Most undergraduate students expect to wait until graduate school before tackling unsolved problems in mathematics. Manish Acharya didn’t want to wait.
Acharya, a rising senior studying computer science and mathematics, is spending his summer as a research intern at Aalto University in Finland, where he is working on fundamental open questions in theoretical computer science and computational geometry.
“Finding a project in theoretical computer science felt almost too good to be true,” Acharya said.“I get to spend my summer working on open research questions alongside experts in the field before even starting my Ph.D. journey.”
His work centers on a set of open problems from a recent algorithms paper on smallest convex intersecting polygons. Rather than building applications, he and his collaborators are investigating whether several geometric optimization problems admit exact polynomial-time solutions, whether some are NP-hard, and how these ideas might extend into three-dimensional space.The questions are, in a word, unsolved—and that’s exactly the point.
From empirical evidence to mathematical proof
Acharya’s turn toward theory grew out of a puzzle he couldn’t shake. During his junior year at Vanderbilt, he worked with Professor David Hyde on Bayesian Optimization for the Sliced Wasserstein Distance, research that was accepted to the International Conference on Learning Representations (ICLR) in 2026.
“We had strong empirical evidence that our method worked, but we couldn’t fully prove why,” Acharya said. “That experience stayed with me.”
That gap—between knowing something works and being able to prove why it works—is what pushed him toward theoretical computer science. He had always enjoyed the subject, but that project made the pursuit feel urgent.
Without a dedicated theoretical computer science research group at Vanderbilt, he had assumed open problems like these were out of reach until graduate school.
“As an undergraduate at Vanderbilt, I assumed I would have to wait until graduate school before working on these kinds of problems,” he said. This experience changed that.
No roadmap, just mathematics
At Aalto, a typical day looks less like writing code and more like filling whiteboards. Acharya begins each morning with a walk through the forest near his apartment before heading to the lab, where most of the day revolves around reading papers, discussing ideas with mentors, and testing approaches that may or may not hold up.
“Sometimes we spend hours pursuing an approach only to discover why it cannot work,” Acharya said.

“Other days, a small observation opens up an entirely new direction. It’s a constant process of learning, questioning, and refining ideas.”
He works closely with his supervisor, Professor Sándor Kisfaludi-Bak, and a postdoctoral researcher—a dynamic he describes as more collaborative than he expected.
“One of the most valuable lessons I’ve learned is that even when someone else’s idea doesn’t work, understanding why it fails often leads to a better idea,” he said. “Research feels much less like solving problems alone and much more like solving puzzles as a team.”
Mentors who made the path possible
The road to Finland ran through Vanderbilt’s research community.
Acharya began doing research during his freshman year under Dr. Yifan Zhang in Professor Yu Huang’s MIND Lab, where he published his first co-authored paper. Zhang, he said, taught him how to think like a researcher rather than simply solve problems. Driven by a growing interest in optimization research, he joined Professor Hyde’s SOL Lab. The opportunity to conduct independent research and participate in weekly graduate lab meetings alongside Ph.D. students gave him a unique perspective on academic life and elevated the depth of his research inquiries.

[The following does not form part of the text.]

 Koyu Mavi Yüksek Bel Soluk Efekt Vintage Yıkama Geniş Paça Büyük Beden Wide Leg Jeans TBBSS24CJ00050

The SyBBURE Searle Undergraduate Research Program has also been central to his journey. Its support allowed him to attend conferences and pursue projects that would otherwise have been out of reach, a fact he says is especially meaningful as an international student.

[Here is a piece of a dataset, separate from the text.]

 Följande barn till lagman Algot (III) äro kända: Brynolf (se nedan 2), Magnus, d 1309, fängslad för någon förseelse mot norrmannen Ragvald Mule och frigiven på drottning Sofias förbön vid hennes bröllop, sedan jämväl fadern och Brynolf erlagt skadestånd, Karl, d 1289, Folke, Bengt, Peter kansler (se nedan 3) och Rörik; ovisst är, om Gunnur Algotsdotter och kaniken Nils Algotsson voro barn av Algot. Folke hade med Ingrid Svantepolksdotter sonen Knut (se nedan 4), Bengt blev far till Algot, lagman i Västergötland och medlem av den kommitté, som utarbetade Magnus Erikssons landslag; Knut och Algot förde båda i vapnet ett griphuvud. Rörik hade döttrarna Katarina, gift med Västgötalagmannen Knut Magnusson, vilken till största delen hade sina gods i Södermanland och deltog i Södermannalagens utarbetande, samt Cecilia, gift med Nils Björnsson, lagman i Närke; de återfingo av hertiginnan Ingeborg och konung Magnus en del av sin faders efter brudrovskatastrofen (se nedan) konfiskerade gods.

The interdisciplinary path that led to theory
The College of Connected Computing’s emphasis on interdisciplinary exploration mirrors Acharya’s own trajectory. He began with AI research touching multiple scientific domains, and those early experiences helped him identify what he was actually drawn to: the underlying mathematics, not the applications.

“Connected Computing encourages students to explore different disciplines before finding where they can make the biggest impact,” Acharya said. “That’s exactly what happened to me, and it ultimately led me toward theoretical computer science.”
He plans to pursue a Ph.D. focused on algorithms and computational complexity and is hopeful the summer’s work will lead to a publication at a top theoretical computer science conference. When he returns to Vanderbilt, he will begin his Honors Thesis with Professor Mark Ellingham, continuing within discrete mathematics and theoretical computer science.
As for students who find the idea of research intimidating, Acharya’s advice is direct.
“Don’t wait until you feel ready,” Acharya said. “Research isn’t about already knowing the answers. It’s about being curious enough to ask questions and persistent enough to keep searching when the answers aren’t obvious.”